## ACTION ITEM:
Find "由于高功率全固化固体激光器的" in the material below, then write out that line and every line after it exactly, ending with the last one; skip the pictures.

## DATA EXCERPT:
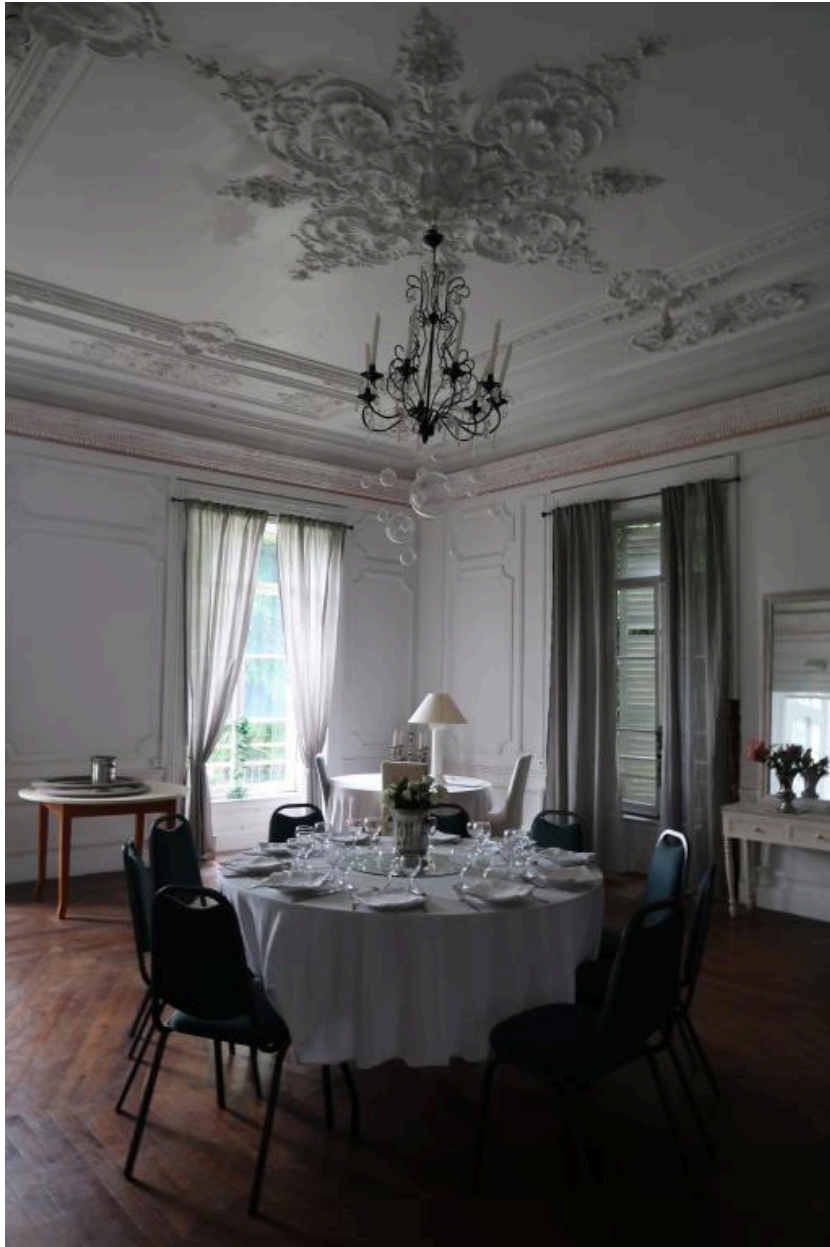
La salle à manger
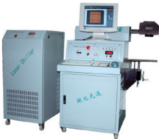
图四 湖北光通生产的二极管泵浦激光打标机

由于高功率全固化固体激光器的相继成熟，其应用领域也已从最成熟的光通讯方面向其它更为广阔的激光应用领域扩展，如材料加工中的激光标记、激光焊接、激光打孔和激光切割等，其它领域如激光医学、激光检测和测量等。图四给出了现在国内生产的最广泛使用的二极管泵浦固体激光打标机，而图五给出了国外生产的光纤激光打标机。
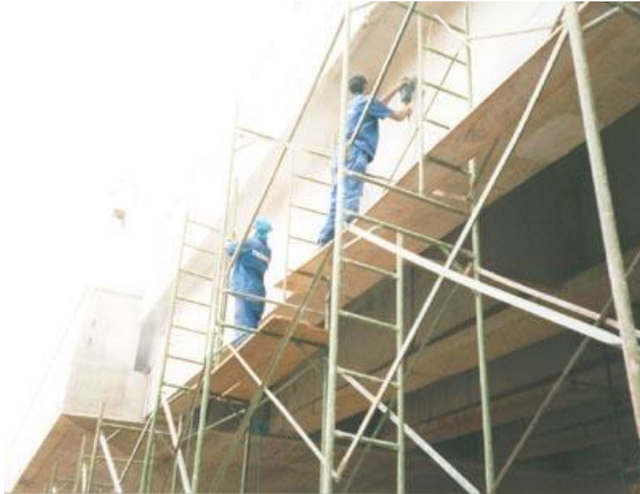
VIADUTO CEM – AV. ÁGUAS ESPRAIADAS.

## ANSWER TO THIS TASK:
由于高功率全固化固体激光器的相继成熟，其应用领域也已从最成熟的光通讯方面向其它更为广阔的激光应用领域扩展，如材料加工中的激光标记、激光焊接、激光打孔和激光切割等，其它领域如激光医学、激光检测和测量等。图四给出了现在国内生产的最广泛使用的二极管泵浦固体激光打标机，而图五给出了国外生产的光纤激光打标机。
VIADUTO CEM – AV. ÁGUAS ESPRAIADAS.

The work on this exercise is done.